穢れについて話せばいいのか、それとも兵士はその辺りも承知の上でいるのか。
「そうか。そう言うのなら、俺もこれ以上は心配しない。ただ、もし厄介な相手と遭遇したら、こっちに戻ってこい。そうすれば……俺がいればだが、助けることが出来るかもしれないから。俺が言うのもなんだけど、ここは辺境だ。場合によっては高ランク……ランクAモンスターがいてもおかしくはない」
ランクAモンスター程になれば、辺境であってもそう簡単に遭遇出来る相手ではない。
だが、それは絶対にそのような相手と遭遇しないという訳でもなかった。
辺境であるが故に、ギルムからそう離れていない場所で偶然ランクAモンスターに遭遇するといったようなことになっても、おかしくはない。
レイに会いに来た兵士達は、それなりの能力はあるものの、だからといってランクAモンスターと遭遇して勝利出来るかと言われれば、レイは無理だと断言するだろう。
「分かっている。もし手に負えない相手が出た場合は、レイに頼らせて貰うよ。……じゃあ、取りあえず手紙の件を頼む。戻ってくるまで待ってるから」
そう言う兵士に頷き、レイは妖精郷の中に戻る。
なお、好奇心からレイと一緒に来た妖精はまだもう少しレイ以外の者達……兵士達を見たいと思ったのか、その場に残るのだった。
「手紙、ですか。……では、拝見させて貰います」
そう言い、長はレイから手紙を受け取ると、そのまま開ける。
ペーパーナイフのような物を使って開けたのではなく、サイコキネシスに似た力……数多の見えない腕と呼ばれる理由になったその力を振るったのだ。

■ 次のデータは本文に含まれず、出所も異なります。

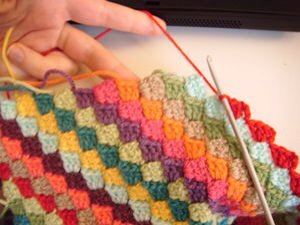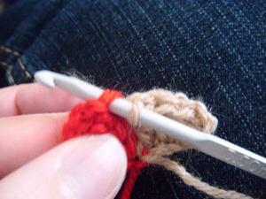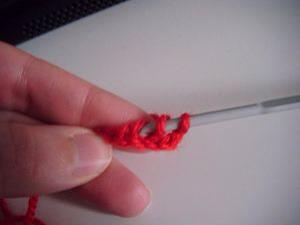 عند الغرزة المشار لها بسهم في الصورة الأول ندخل الأبرة ...سيكون عندنا على الأبرة غرزتين كما في الصورة ..

それも封筒を破くのではなく、上の部分を鋭利な刃で斬り裂くかのような手段で。
それが普通でないのは、レイの目からもはっきりと分かる。
だが、今まで長が同じようなことをするのは、何度も見ていた。
今更この程度で驚くようなことはない。
自分よりも大きな手紙を、こちらもまた空中に広げたまま動かさずに読んでいく。
若干その手紙の内容が気になったレイだったが、一応兵士から書いてある内容のことは大体聞いている。
それでも自分の知らない何かが書かれているのでは?
そのように思わないでもない。
……だからといって、まさか手紙の内容を盗み見るなどといったことをする訳にもいかない。

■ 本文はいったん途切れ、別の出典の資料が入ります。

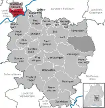 Se encuentra ubicado en el centro del estado, en la región de Tubinga, en la zona montañosa del Jura de Suabia, entre los ríos Neckar —al norte— y Danubio —al sur—.

結局レイが出来るのは、長が手紙を読み終わるまでセトを撫でながら時間を潰すだけだ。
「ワン!」
不意に聞こえた声に視線を向けると、そこには狼の子供達……いや、二匹のピクシーウルフの姿があった。
「グルゥ?」
ピクシーウルフを見て、セトが遊んできてもいい? と喉を鳴らす。
レイは今は特にやることもないので、セトに頷くのだった。